A long time later, the kindly professor, Govindaraja, explained to her what had happened in the world outside that police station. The Indian secret service, Research and Analysis Wing, had flashed the information to the CIA of the Americans, and MI5 of the British. All flights across the Atlantic had been cancelled immediately and the American Transportation Security Administration put passengers at terminals into holding pens and made them vomit. She was also shown video clips of New York's JFK airport awash in vomit with CNN reporters wearing masks as they brought in the news. At Heathrow airport in London, Muslim babies' tummies were squeezed by the police till they bawled and were declared harmless. A group of pudgy-faced Algerian children were wrestled to the ground at the Louvre Museum in Paris by agents of the Sūreté before they could burn the famous Mona Lisa painting. All airlines were issued strict instructions by the Department of Homeland Security that no one was to be permitted on board wearing silk clothing or shoes, and all wooden articles were also put on the forbidden list. Airplanes were called back to have carpeting ripped out of them, the delay causing airlines several billion dollars of loss. Barefoot passengers said bravely they were willing to put up with any inconvenience for the sake of safety, while families of aged passengers who died of pneumonia were tight-lipped as they collected the insurance.
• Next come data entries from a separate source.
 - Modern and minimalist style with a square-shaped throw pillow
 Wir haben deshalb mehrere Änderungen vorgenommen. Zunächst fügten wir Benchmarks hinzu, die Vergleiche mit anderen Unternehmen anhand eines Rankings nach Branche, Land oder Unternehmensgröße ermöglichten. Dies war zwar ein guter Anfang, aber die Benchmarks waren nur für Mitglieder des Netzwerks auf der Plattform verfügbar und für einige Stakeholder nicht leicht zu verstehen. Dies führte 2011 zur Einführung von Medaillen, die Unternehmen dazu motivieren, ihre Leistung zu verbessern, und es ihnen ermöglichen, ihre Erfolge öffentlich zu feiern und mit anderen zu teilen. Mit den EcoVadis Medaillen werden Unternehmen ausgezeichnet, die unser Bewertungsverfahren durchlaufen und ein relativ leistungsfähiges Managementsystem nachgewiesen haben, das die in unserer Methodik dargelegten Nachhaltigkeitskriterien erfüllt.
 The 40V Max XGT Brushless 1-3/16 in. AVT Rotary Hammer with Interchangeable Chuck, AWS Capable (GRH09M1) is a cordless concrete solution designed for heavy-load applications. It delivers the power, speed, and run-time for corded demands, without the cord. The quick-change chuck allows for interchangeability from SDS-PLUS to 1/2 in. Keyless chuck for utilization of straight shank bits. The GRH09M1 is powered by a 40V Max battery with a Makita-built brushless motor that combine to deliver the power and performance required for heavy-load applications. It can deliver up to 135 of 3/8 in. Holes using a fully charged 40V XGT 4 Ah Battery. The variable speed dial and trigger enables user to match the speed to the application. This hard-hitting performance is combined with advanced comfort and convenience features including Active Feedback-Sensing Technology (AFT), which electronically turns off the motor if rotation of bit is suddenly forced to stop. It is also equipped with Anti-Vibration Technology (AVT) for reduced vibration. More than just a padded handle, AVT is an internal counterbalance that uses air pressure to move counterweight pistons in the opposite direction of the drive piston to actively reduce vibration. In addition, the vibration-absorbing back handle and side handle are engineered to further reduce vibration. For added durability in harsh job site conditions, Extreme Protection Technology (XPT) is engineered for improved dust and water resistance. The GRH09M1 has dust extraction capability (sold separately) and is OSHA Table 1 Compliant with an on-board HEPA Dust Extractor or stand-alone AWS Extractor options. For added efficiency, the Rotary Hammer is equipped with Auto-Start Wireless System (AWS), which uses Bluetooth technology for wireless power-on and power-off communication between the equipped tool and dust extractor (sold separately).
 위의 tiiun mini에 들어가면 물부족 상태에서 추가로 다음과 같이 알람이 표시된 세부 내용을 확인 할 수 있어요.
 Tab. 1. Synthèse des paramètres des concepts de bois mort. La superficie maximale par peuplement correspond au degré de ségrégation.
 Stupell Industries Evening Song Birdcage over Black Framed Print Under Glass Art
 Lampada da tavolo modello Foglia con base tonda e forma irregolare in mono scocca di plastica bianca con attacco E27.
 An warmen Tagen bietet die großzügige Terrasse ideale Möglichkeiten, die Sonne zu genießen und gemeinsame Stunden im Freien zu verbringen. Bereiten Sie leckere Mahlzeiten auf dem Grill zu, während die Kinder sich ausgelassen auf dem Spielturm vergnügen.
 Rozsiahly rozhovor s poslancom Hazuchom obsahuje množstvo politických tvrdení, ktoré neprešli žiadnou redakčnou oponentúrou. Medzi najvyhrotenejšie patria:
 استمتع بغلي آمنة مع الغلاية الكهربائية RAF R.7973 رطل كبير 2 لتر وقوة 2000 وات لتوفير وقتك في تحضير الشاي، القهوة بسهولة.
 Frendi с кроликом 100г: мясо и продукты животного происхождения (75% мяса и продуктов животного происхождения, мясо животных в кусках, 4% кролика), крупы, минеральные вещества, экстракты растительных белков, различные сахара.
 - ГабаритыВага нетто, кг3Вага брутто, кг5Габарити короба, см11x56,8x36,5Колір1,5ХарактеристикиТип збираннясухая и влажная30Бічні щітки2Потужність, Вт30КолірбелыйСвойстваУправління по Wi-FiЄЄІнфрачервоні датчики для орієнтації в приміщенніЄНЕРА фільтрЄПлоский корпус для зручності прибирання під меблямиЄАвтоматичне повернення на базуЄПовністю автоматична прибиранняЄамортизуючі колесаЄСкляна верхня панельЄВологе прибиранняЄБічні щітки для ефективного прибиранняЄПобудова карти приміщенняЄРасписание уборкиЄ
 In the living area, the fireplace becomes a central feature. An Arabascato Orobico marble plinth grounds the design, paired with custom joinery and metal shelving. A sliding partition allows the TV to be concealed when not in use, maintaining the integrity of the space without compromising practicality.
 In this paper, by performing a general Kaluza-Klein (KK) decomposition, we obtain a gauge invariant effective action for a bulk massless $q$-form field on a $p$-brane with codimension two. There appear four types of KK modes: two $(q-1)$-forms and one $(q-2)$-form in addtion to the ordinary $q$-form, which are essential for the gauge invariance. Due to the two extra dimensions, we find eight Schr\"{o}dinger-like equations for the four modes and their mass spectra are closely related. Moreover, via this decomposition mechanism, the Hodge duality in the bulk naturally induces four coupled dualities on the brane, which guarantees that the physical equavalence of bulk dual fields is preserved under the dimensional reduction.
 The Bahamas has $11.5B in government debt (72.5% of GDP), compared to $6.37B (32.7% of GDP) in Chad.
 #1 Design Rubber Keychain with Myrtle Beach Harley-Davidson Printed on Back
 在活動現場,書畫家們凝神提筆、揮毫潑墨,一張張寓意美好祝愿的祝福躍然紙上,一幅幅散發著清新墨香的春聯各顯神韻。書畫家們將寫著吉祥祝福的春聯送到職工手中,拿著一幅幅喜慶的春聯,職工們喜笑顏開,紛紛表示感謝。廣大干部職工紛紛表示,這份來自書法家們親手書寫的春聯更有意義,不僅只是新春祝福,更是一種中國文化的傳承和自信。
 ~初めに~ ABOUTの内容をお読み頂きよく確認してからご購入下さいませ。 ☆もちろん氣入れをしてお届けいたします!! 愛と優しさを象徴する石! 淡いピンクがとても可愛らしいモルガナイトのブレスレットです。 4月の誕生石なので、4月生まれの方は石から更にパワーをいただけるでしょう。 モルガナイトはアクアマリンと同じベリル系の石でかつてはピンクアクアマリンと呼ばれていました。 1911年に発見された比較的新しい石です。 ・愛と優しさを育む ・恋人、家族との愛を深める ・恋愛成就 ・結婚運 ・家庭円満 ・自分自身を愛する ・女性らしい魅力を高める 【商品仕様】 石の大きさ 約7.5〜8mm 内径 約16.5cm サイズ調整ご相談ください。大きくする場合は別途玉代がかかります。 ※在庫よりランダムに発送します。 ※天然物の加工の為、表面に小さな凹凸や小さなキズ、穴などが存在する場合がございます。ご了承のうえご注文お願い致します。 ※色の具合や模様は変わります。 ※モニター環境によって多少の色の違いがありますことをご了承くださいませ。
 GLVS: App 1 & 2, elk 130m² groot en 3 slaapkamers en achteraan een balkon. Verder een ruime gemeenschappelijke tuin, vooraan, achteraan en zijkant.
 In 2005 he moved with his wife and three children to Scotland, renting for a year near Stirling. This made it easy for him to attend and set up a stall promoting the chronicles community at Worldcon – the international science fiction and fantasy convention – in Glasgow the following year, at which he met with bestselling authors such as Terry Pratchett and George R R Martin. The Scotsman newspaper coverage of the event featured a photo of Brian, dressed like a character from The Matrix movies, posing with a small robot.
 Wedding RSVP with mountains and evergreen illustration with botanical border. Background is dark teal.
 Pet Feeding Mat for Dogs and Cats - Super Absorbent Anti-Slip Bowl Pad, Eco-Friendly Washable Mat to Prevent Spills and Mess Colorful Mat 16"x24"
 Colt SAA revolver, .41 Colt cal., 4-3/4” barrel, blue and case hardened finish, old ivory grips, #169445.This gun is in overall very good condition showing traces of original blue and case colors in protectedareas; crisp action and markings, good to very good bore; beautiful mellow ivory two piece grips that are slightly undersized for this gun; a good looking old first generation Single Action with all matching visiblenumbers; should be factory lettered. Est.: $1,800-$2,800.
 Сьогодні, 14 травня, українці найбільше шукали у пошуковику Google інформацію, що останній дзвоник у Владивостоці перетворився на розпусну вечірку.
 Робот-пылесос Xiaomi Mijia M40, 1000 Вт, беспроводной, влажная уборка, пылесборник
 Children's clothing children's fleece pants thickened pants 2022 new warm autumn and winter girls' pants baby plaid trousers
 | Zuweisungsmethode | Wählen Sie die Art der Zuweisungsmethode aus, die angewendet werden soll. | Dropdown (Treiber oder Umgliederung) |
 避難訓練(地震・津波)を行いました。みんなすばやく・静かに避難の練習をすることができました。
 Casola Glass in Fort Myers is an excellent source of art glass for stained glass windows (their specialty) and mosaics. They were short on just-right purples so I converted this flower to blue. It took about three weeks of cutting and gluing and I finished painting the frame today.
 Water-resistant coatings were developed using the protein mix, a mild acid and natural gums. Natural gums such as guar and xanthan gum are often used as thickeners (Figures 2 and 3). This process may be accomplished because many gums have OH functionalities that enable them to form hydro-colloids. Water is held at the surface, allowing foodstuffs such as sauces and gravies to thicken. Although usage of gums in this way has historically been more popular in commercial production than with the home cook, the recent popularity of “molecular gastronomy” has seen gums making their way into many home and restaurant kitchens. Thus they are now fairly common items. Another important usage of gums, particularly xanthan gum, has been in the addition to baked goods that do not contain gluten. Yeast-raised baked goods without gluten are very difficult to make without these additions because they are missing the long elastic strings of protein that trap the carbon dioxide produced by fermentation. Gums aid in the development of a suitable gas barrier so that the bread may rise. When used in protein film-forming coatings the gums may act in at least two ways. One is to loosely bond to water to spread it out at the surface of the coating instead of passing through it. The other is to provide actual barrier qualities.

Ramulamma was quietly released several weeks later when the worldwide scare died down. She was dazed for a few weeks, then recouped with her usual resilience. She asked after Saleem, but no one knew, no one wanted to talk about him, even Attar Saipu, who just waved her away and bent once again to read the Quran. Asking professor Govindaraja during a visit to Hyderabad she learnt that scientists had conducted exhaustive tests to prove that such explosions were not possible without the addition of other vital elements to the deadly mixture. So that was it, all a huge waste because a sick boy's madness was taken seriously by the police. Surely, they knew he was mad? Yes, but they never took chances, and thought his madness would lead him to be an informer through whom they could reel in the whole network.
Months later, just by chance she saw Saleem at a cycle repair shop. He came over quickly, smiling, as if nothing had happened. Concerned, she asked him how he was, and tried to see if he bore any marks of torture. But he bent down and whispered: " The secret is in the attar!"